The Gardens is going zero waste

Help us to reduce waste in the Gardens

The Auckland Botanic Gardens is becoming zero waste – and we are asking our visitors to help.

More than a million visitors come to the Gardens every year, strolling, picnicking, walking their dogs, eating at café Miko and enjoying the beauty of our plantings.

But the Gardens also produce waste, from plant clippings to lolly wrappers, fast food boxes to plastic potting bags. Plenty of waste, in fact. Some of it recyclable, compostable or reusable and a lot of it not.

Every month the Auckland region produces a volume of rubbish to fill a rugby field 10 stories high! About 1.6 million tonnes of waste goes to landfill every year – that averages about 20kg of waste per person each week. Reducing this is something Aucklanders have asked their Council to work on. In response, the Council has set a target of Auckland being a zero waste city by 2040.

Zero waste is a global idea, one that seeks to slowly eliminate waste from our daily lives through recycling, re-using and waste minimisation.

The Zero Waste International Alliance defines zero waste as “a goal that is ethical, economical, efficient and visionary, to guide people in changing their lifestyles and practices to emulate sustainable natural cycles, where all discarded materials are designed to become resources for others to use.”

Rubbish one.jpg
Some of the rubbish we are hoping to reduce in the Gardens.

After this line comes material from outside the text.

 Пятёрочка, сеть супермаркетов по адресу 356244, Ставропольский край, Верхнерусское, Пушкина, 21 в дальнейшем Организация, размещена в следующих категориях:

In 2018, the Gardens decided to play our part and move towards zero waste. Our first step was to stop and think about waste in the Gardens, where it comes from, how much there is and how we can reduce it. We began auditing how much rubbish was collected in each of our bins. We looked at how we could reduce or reuse the waste we produce.

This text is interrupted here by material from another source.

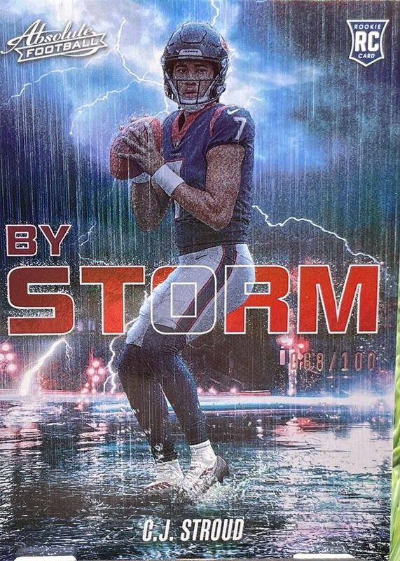 The CJ Stroud 2023 Absolute #BST-2 By Storm - Red /100 Rookie card in Raw condition has not changed in price in the last 30 days and was last sold for $6.55 .

One of the questions we are asking ourselves is whether to aim, as Aucklanders have done in the Regional Park network, to remove all rubbish bins, leaving only recycling depots. Already a few of the least used rubbish bins have been removed from quieter parts of the Gardens and more will follow.

On busy weekends some rubbish bins will need to be emptied three times a day. A Gardens without bins would mean visitors would have to take their own waste home with them to recycle as much as possible using the Council’s curbside service.

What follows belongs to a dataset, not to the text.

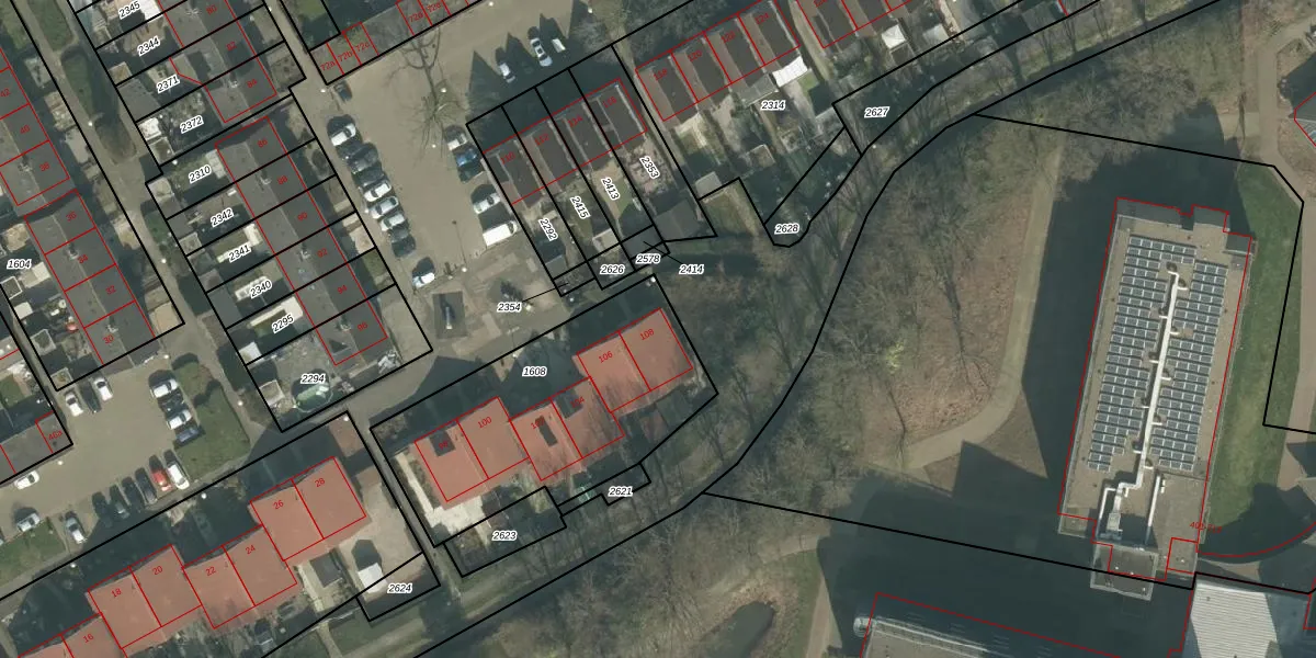 Het perceel waarop Duiventoren 108 staat heeft een oppervlakte van 1076 m². Dit is een zeer groot perceel. De perceeloppervlakte wordt geregistreerd door het Kadaster. Gedetailleerde informatie over de maten van dit perceel kunt u vinden in het rapport Kadastrale kaart met maatvoering van Duiventoren 108.

We know the zero waste goal is not something we can achieve alone. We need our visitors to share in the aspiration.

All successful change starts with a conversation. So, if you’d like to share your thoughts please email:   botanic.gardens@aucklandcouncil.govt.nz


What are we doing to reduce our waste?

We compost 95% of our plant waste on site, the remaining 5% are noxious weeds and are sent offsite for safe processing.

Staff take home their own recycling – cans, plastics, and glass (paper is collected on site).

Suitable surplus material (plants, landscape material, rubber hosing etc) are donated to Kauri Kids Daycare for the children to play with and transform into active learning activities.

The Botanic Gardens’ nursery grows 65,000 plants for the Auckland’s regional parks revegetation programme. Each of these seedlings pushes its growing roots into soil contained by the walls of a black polythene pot.  Re-using pots has become the norm and a recycling provider has been found to take those that cannot be re-used.

Whenever suitable the cut offs of certain plants (palms, bamboo) are taken to Auckland Zoo to feed the elephants.

Our staff have become passionate about zero waste. It is an idea that has taken root in the Gardens. Now, we try to avoid buying items that cannot be recycled or that are overpackaged, we reuse items as much as possible and when they cannot be reused, we recycle as much as is possible. These ideas have become part of our work culture and we are proud of the results we have achieved – though we know we have further to go.

As part of our on-site programme for schools our education team teaches students the joys of composting – ‘from garden waste to garden gold’. The kids learn about nutrient cycle and how nature deals with its own organic rubbish.